军棍是在操练场上打的,当着操练场上所有人的面,秦破虏让队伍暂停,所有人站着看。
过江龙的人也在,混在人群里,没有人说话,就那么看着。
西十棍,照数打,打完了,牛二站不起来,被两个人架着抬下去了。
马宽全程站在操练场边上,把整个过程看完,脸上的表情没有变,就是那种扛着的表情,从头扛到尾,一首到牛二被抬走,他才往回走。
赵寻走到他旁边,两个人并排走了一段,都没有说话,走到一个分岔口,马宽往左,赵寻往右,马宽走出几步,停下来,回头,说了一句:“赵大哥,你的规矩比我的严。”
这句话可以理解成抱怨,也可以理解成别的,赵寻听了一下,选择了理解成别的,说:“严是因为人多了,人多了规矩不严,散。”
马宽沉默了一息,点了点头,没有再说什么,转身走了。
赵寻看着他的背影走远,在原地站了一会。
他知道今天的事不会就这么过去,马宽心里一定有什么,但那个“什么”,需要时间才能看清楚是变成隔阂还是变成别的东西,现在还说不准。
但有一件事是确定的——今天不打牛二,洲规就是一张废纸,洲规是废纸,苇子洲就只是一伙乌合之众,而不是一支能打仗能守土的队伍。
这个代价,他算得清楚。
……
那天晚上,赵寻让纪九给那个妇人送去了双份的饭,另外加了一小块腌肉,是洲上过年剩下的,不多,但是腌肉。

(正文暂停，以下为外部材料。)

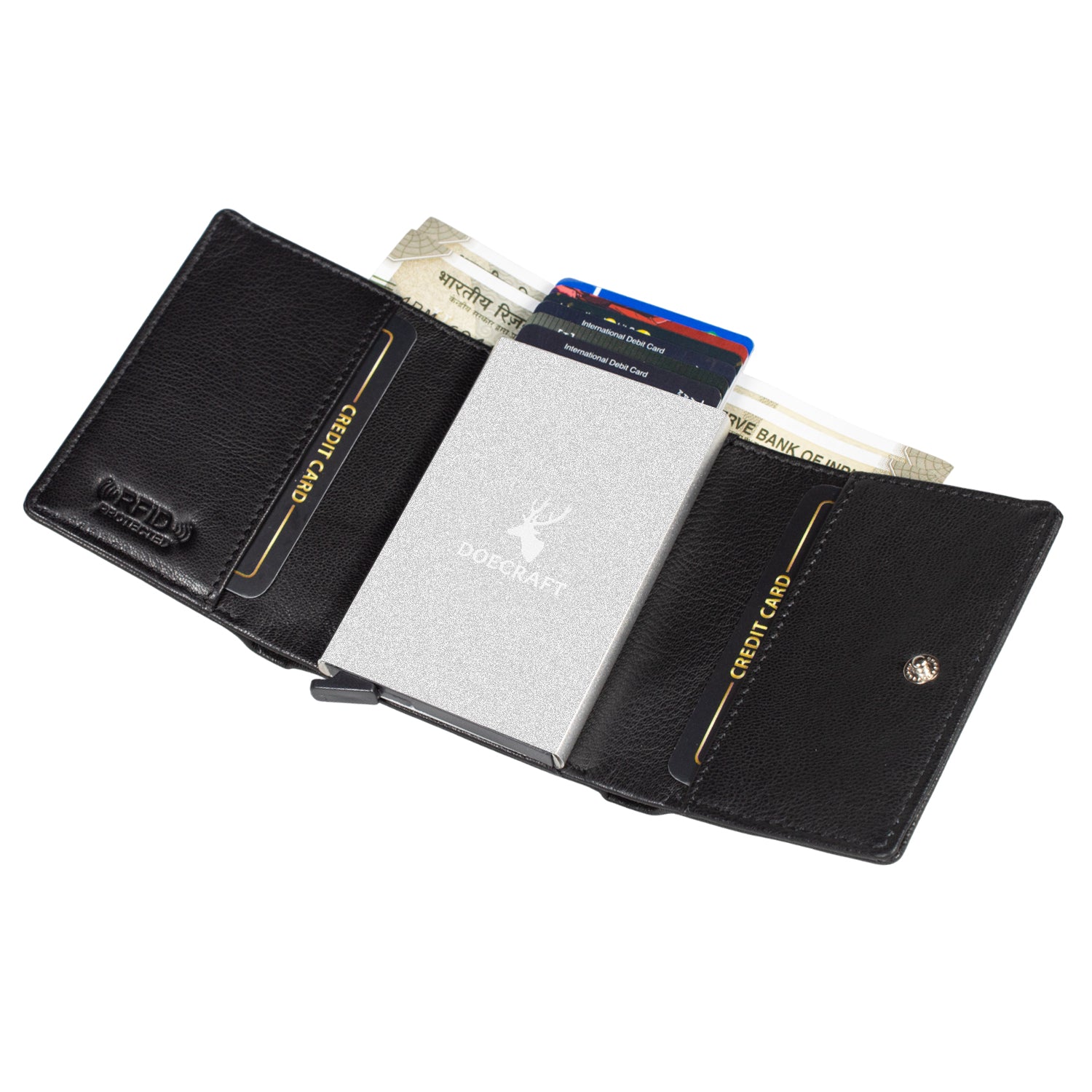 DOECRAFT Men Casual, Formal Black Genuine Leather Wallet (8 Card Slots)

纪九去送的时候,那个妇人把腌肉拿在手里,看了很久,最后把它剪成两半,一半让大孩子吃了,另一半用布包好,放在铺头边上,说让孩子明天吃。
纪九回来跟赵寻说了这件事,说完,停了一下,说:“那个妇人问了,她男人死了,她一个人带两个孩子,能不能在洲上留下来?”
赵寻说:“能,让她明天去找纪九报名,编到妇人营,做饭缝衣都行,安排活给她干,不养闲人,但也不赶人。”
纪九应了,出去了。
窝棚里只剩下赵寻,油灯的光在风里摇了一下,赵寻把灯罩往下压了压,火焰稳住了,把那一小片空间照得暖和,但外面的黑依然是黑,压着,沉的。

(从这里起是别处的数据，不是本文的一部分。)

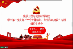2022年9月21日下午14:30,化学工程与现代材料学院学生第二党支部于钉钉平台开展了纪律教育宣传暨“严守纪律规矩、加强作风建设”专题组织生活会。本次会议由党支部书记王鹏举老师主持,支部全体党员参与了本次会议。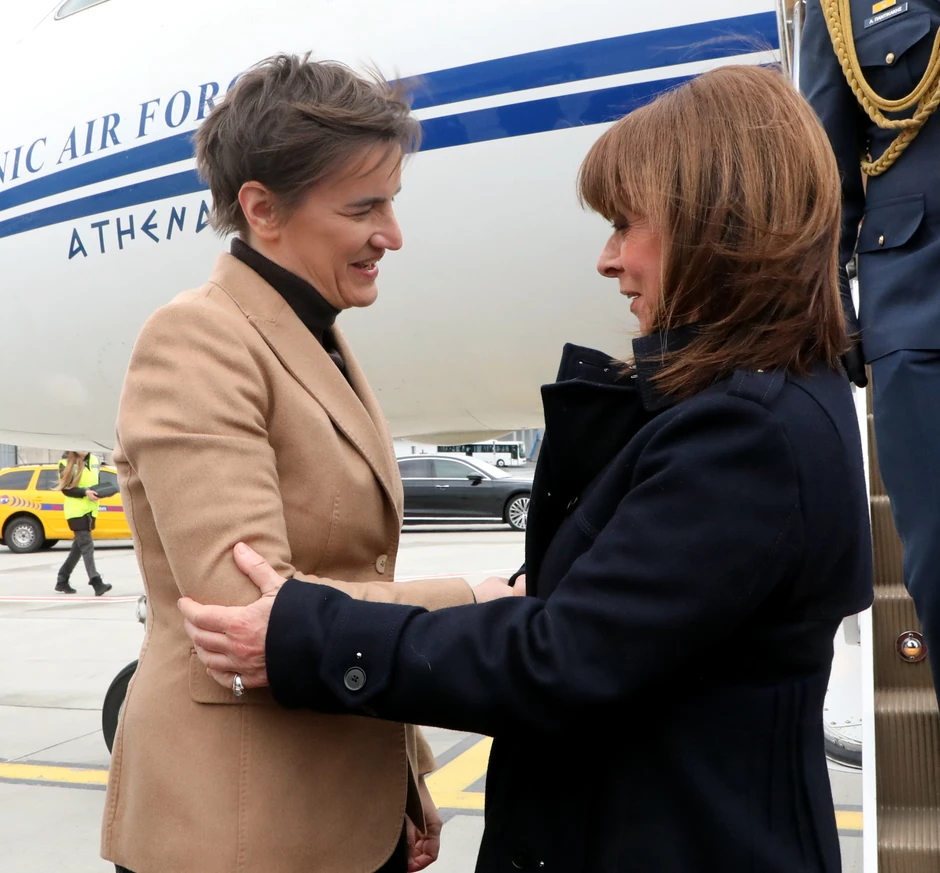 Premijerka Srbije Ana Brnabić dočekala je danas na aerodromu Nikola Tesla predsednicu Grčke Katerinu Sakelaropulu, koja je u zvaničnoj poseti Srbiji do 29. marta.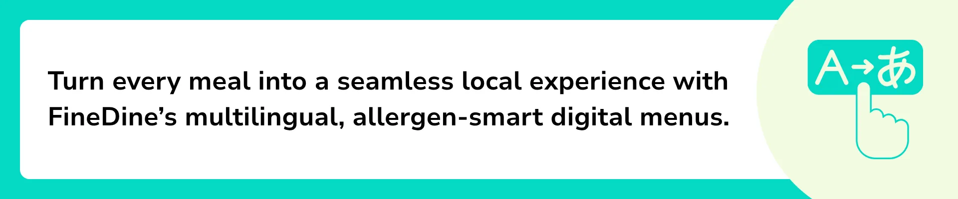FineDine’s digital menu tools offer a simple yet powerful way for travellers to discover and enjoy local dishes with confidence. Menus can instantly adapt to up to 40 languages, eliminating the frustration of guesswork and language barriers.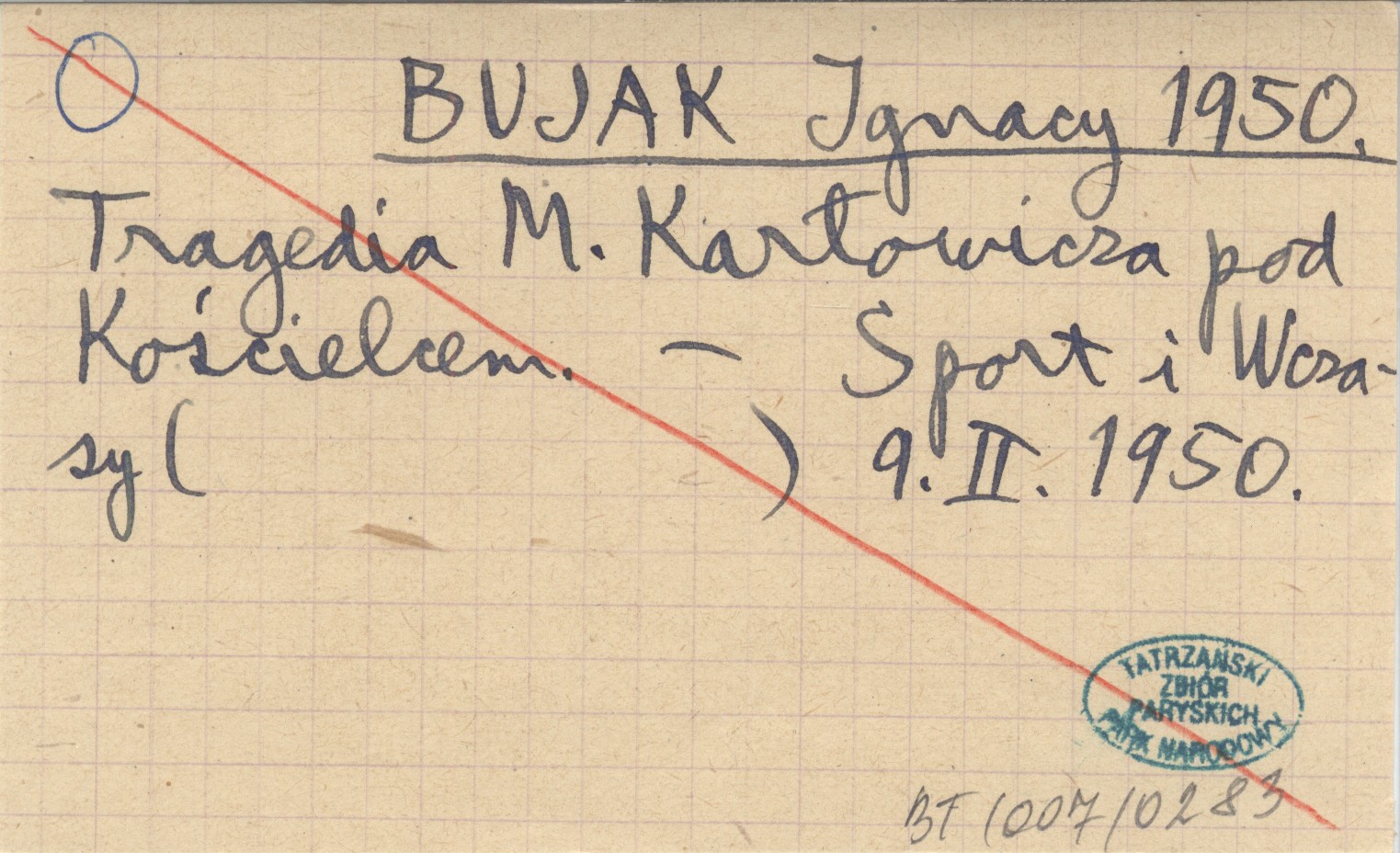 BUJAK Ignacy 1950 Tragedia M. Karłowicza pod Kościelcem.

他在灯下坐了一会,没有想别的,就是那么坐着,听外面偶尔有风吹过芦苇的声音,听远处有什么东西在水里动,沉,又起来,再沉。
过了一会,他把灯吹了,躺下,闭眼。
明天还有事。
....
送信的人是个卖针线的货郎。
三月十六,上午,他出现在苇子洲水道口外面的土路上,挑着货担,悠悠地走,走到守口弟兄的视线里,停下来,冲着那边喊了一句:“有没有要买针线的?”
这句话本身没有问题,苇子洲现在人多了,妇人们缝衣补鞋要用针线,外面货郎来卖东西是寻常事。
但守口的弟兄有一条规矩,不在洲规里,是赵寻私下交代的——陌生人来,不管什么由头,先搜,搜完没事再让进,若是不肯搜,不让进,让走。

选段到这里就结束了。